Иван Иванович посмотрел в глаза Пескишеву, почесал затылок и спросил:
- Вы видите, в каком я состоянии?
- Конечно, вижу!
- Разве можно с такой физиономией больным и студентам показываться?
- Конечно, нет, - усмехнулся Федор Николаевич. - Но, надеюсь, за несколько дней ваша, как вы изволили выразиться, физиономия приобретет более приличное выражение. Кстати, главный врач вами интересовался. Ему очень нужен серьезный консультант. Просил с вами поговорить, а в случае согласия навестить его.
- А как же быть с этим? - сказал Бобарыкин, показывая на бутылку с вином. - Слаб стал духом, не могу справиться с собой. И не хочу, а от нее, проклятой, не в силах откреститься.
- Понимаю!
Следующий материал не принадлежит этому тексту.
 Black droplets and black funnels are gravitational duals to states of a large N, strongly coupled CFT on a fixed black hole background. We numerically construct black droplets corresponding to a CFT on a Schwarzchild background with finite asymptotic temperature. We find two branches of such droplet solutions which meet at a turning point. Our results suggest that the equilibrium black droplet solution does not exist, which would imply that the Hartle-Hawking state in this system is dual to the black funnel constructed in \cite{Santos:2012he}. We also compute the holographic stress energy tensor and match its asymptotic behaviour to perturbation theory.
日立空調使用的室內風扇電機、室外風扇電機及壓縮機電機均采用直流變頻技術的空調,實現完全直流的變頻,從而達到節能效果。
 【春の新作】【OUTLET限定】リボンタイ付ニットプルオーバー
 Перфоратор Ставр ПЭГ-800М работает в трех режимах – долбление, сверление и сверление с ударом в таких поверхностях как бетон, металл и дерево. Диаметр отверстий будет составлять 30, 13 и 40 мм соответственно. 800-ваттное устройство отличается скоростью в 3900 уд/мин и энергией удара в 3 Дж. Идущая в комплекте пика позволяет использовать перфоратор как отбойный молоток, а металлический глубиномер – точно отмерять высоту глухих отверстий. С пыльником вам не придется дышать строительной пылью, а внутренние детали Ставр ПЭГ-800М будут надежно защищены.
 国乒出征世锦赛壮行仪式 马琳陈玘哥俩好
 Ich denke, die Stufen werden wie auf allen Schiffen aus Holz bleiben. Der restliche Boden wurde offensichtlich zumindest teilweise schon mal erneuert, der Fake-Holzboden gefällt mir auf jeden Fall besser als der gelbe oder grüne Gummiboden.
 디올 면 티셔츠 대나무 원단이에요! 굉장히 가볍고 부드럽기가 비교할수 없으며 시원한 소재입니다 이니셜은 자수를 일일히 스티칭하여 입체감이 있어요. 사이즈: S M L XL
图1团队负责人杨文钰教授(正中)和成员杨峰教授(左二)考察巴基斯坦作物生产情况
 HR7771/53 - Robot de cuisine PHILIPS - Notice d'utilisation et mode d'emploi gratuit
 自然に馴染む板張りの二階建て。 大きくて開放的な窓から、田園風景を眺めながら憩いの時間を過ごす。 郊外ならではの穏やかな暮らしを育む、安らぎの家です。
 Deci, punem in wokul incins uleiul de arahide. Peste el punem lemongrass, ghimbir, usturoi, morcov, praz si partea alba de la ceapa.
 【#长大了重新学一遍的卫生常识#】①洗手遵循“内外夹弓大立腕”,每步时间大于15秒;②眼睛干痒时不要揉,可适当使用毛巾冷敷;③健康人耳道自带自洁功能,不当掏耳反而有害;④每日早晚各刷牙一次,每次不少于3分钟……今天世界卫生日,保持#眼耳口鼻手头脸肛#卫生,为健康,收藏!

Дело это, конечно, трудное, но справиться с ним можно.
- Каким образом?
- Давайте возьму-ка я вас с собой в клинику. Положу в отдельную палату, дам хорошую дозу снотворных. Два-три дня поспите как следует, организм окрепнет, и запой кончится.
- Ой ли?! Что-то шибко просто!
- Не вы первый. За результат ручаюсь.
- Подумать надо, - усомнился Бобарыкин.
- Думать будете - от беды не избавитесь. Одевайтесь - и немедля, предложил Пескишев.
- Может, и в самом деле попробовать? - задумчиво сказал Иван Иванович. - Вернуться к жизни, к работе... Господи, уже и не надеялся.
- Я виноват. Закрутился, замотался... Давно нам следовало свидеться.
- Ну, ладно, так и быть, попробую из-за уважения к вам, - согласился Бобарыкин и стал одеваться. Он еще хмурился, вздыхал, кашлял в кулак, деликатно отворачиваясь, но Пескишев видел, как в тусклых, словно оловянных, глазах старика появился блеск, словно их живой водой промыли.
"Нет, - подумал Федор Николаевич, - рано тебя еще, брат, списывать со счета. Ты еще крепко послужишь и студентам, и медицине. А болезнь твоя... ничего, встряхнешься - справишься".
32
Совещание инициативной группы было назначено на май. Главный специалист Минздрава позвонил Пескишеву и сообщил, что вопрос согласован с Агафоновым, проект приказа уже составлен и будет подписан в ближайшие дни.